Financing Affordable Communities in NY

James Dittbrenner, managing director of community development at Sterling National Bank

As the nation is currently dealing with a deficit of 7.4 million affordable units for those earning less than 30 percent of the local median income, inexpensive housing has become a sensitive issue in most major metros such as New York. Local authorities, state and federal agencies and NGOs, in partnership with developers and investors, struggle to alleviate the chronic affordable housing shortage.

James Dittbrenner, managing director of community development at Sterling National Bank

Whether new developments or revamped older buildings, affordable communities strongly rely on banks as main financing providers. Newburgh CORe Neighborhood Revitalization is a historic rehabilitation and renovation project that includes 45 mixed-income affordable rental apartments across 15 buildings within a four-block area, a qualified low-income census tract in the City of Newburgh, N.Y. Sterling National Bank recently provided a $25.2 million credit facility to this initiative. Sterling’s Managing Director of Community Development James Dittbrenner spoke with Multi-Housing News about the reasons why banks get involved in financing affordable housing projects.

MHN: Why did you decide to provide a credit facility for the Newburgh CORe Neighborhood Revitalization project?

Dittbrenner: We made the decision to provide financing to the Newburgh CORe Neighborhood Revitalization project because Newburgh very much needs quality, affordable housing. In addition, this is a unique initiative that incorporates affordable workforce housing with community policing in an urban setting.

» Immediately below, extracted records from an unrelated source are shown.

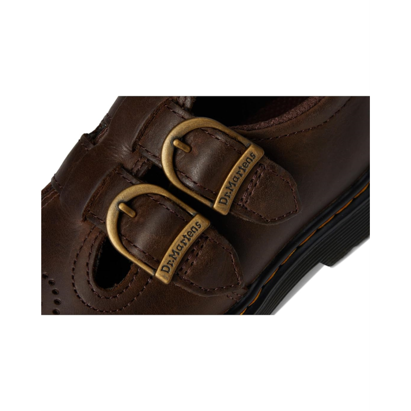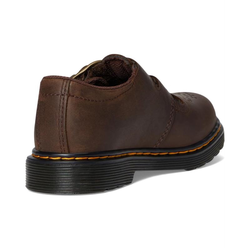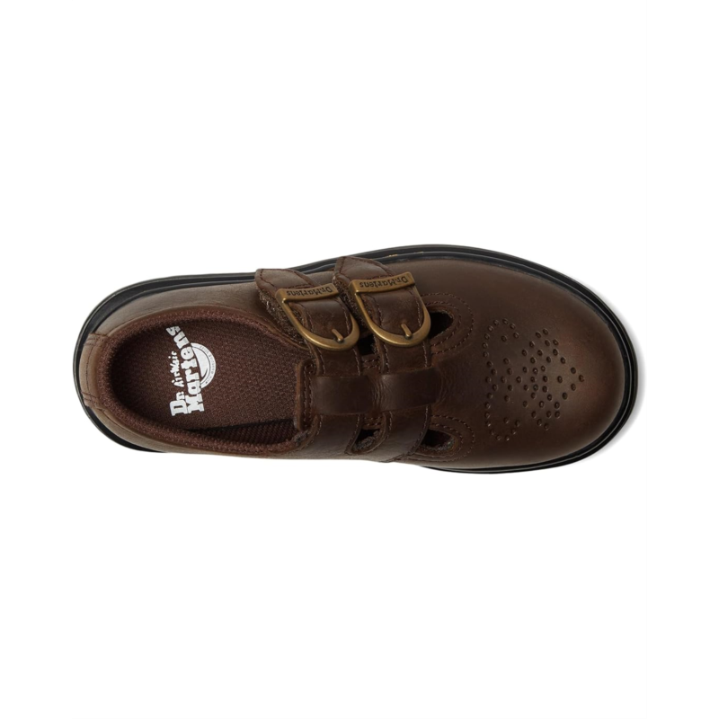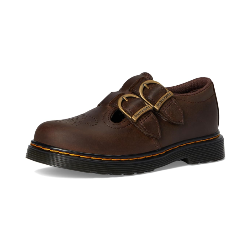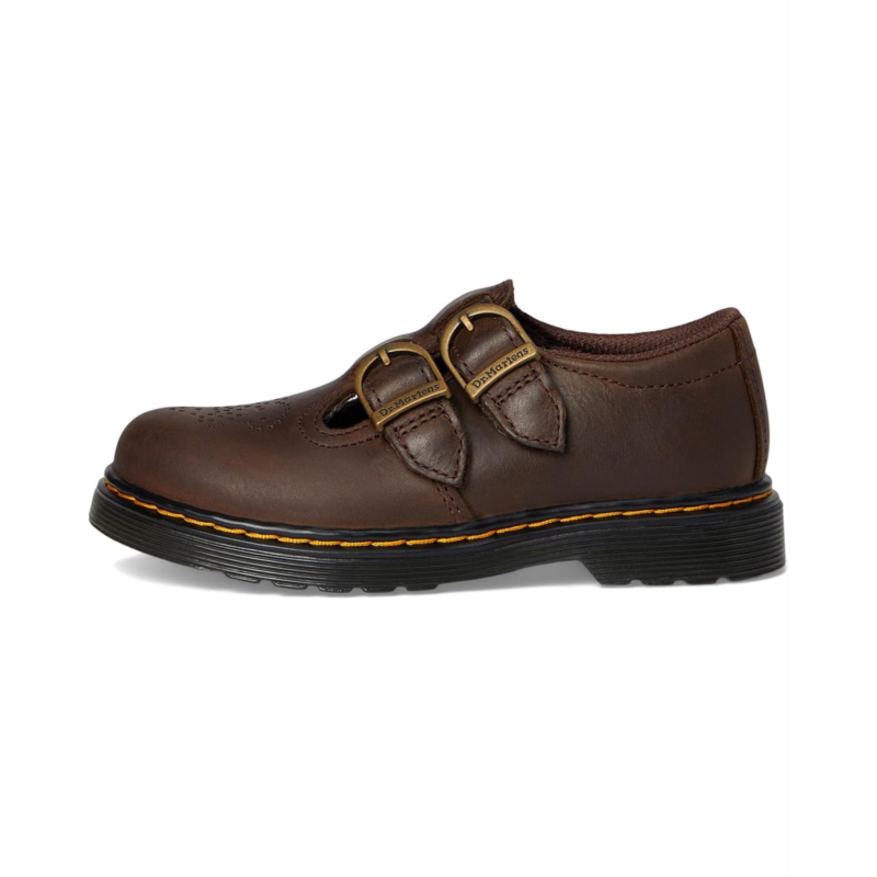 - The Dr. Marten''s Kid''s Collection 8065 J shoes are a dazzling reimagining of the classic Mary Jane silhouette, designed to stand out. Crafted from glossy patent leather upper, they''re easy to clean and built for playground-ready durability. The dual horseshoe buckles are secured with adjustable rip-tape straps, making them simple for kids to slip on and off independently. Details like the perforated brogue design across the toe, internal padded collar, and extra-flexible cemented sole with stitching add both comfort and signature Dr. Martens flair.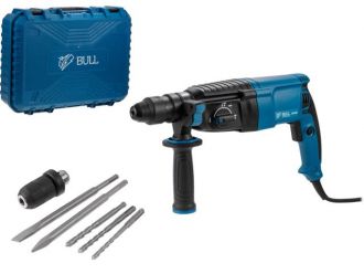 Перфоратор BULL BH 2602 в чем. 800 Вт, 3.0 Дж, 4 реж. + 2 зубила, 3 сверла, БЗП в комплекте(800 Вт, 3.0 Дж, 4 реж., патрон SDS-plus, БЗП в комплекте, вес 3.4 кг)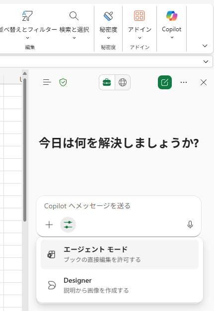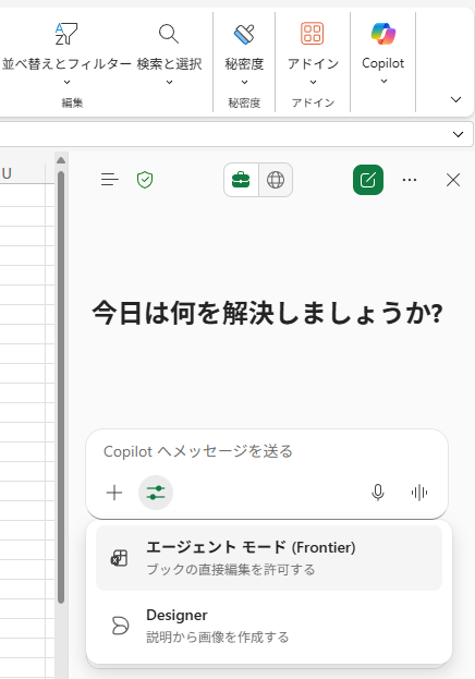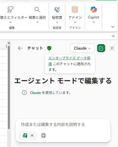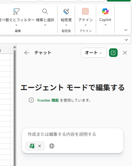 ▼ Excel のエージェントモード

The developer and real estate management firms (RUPCO and Safe Harbor Homes) are both known and respected in their individual rights as affordable and supportive housing developers and managers, which gave us comfort that the project would be completed and a successful addition to the City of Newburgh’s revitalization.

MHN: The Newburgh project primarily focuses on providing housing to homeless individuals, middle-income families, artists, veterans and seniors with modest means. However, most of the projects you decide to finance usually have a second ambition. For example, the Newburgh CORe Neighborhood Revitalization project also includes a rehabilitated community center with after school youth programs, studio/gallery space for artists and a computer-training lab. How important are these side components of the projects when you decide financing them?

Dittbrenner: Successful community building incorporates amenities that are supportive to the targeted resident population. This project utilizes a former manufacturing building to provide community space for youth after school programs, a computer lab, gallery space for artists to create and display their works, space for community family events and a community police hub. These are all important amenities to the working families, artists, seniors and veterans who will reside in the units.

MHN: You currently have several affordable housing projects in the pipeline. Which are most needed? 

Dittbrenner: We don’t recognize one project as more necessary than any other. The need for safe, affordable housing in community settings that provides access to services, public transportation, shopping, healthcare facilities and community activities is paramount in all our markets. Frankly, the need for projects like this far outpaces the funding sources necessary to develop units.

MHN: How can banks contribute to alleviating the affordable housing crisis in New York?

Dittbrenner: It’s not singularly banks that can help to alleviate the affordable housing crisis in New York. It takes a collaborative effort amongst developers, legislators, local municipal leaders, state and federal housing agencies and investors of all varieties. But banks will continue play a vital role in providing the supportive financing structures that allow new developments to be built.

MHN: Why did Sterling National Bank get involved in financing affordable housing projects? How risky is it?

Dittbrenner: Sterling has always maintained strong relationships with its clients, customers and communities as evidenced by our long history of satisfactory Community Reinvestment Act (CRA) evaluations. The bank is continuing to increase its investments in CRA programs and even with our commercial focus, we have demonstrated a strong ability to broadly and deeply serve our communities with focused, innovative community development strategies. Community development lending and investing is a major part of our core culture and the risk profiles are generally lower than in many other business sectors.

MHN: How complicated is the process of deciding whether a project is worth financing or not?

Dittbrenner: The process of determining whether a project is worth financing is one based on community need, viability of the project with community and agency support, strength and experience of the development team and evaluation of the financing composition.

MHN: Who are your main partners when deciding to lend?

Dittbrenner: We approach the affordable/supportive housing development sector with a “one-stop-shop” approach, evaluating both the direct lending opportunity and long-term investment through project-awarded Low Income Housing Tax Credits. We execute on this strategy by partnering with experienced syndication firms who assist with the long-term asset management of projects funded.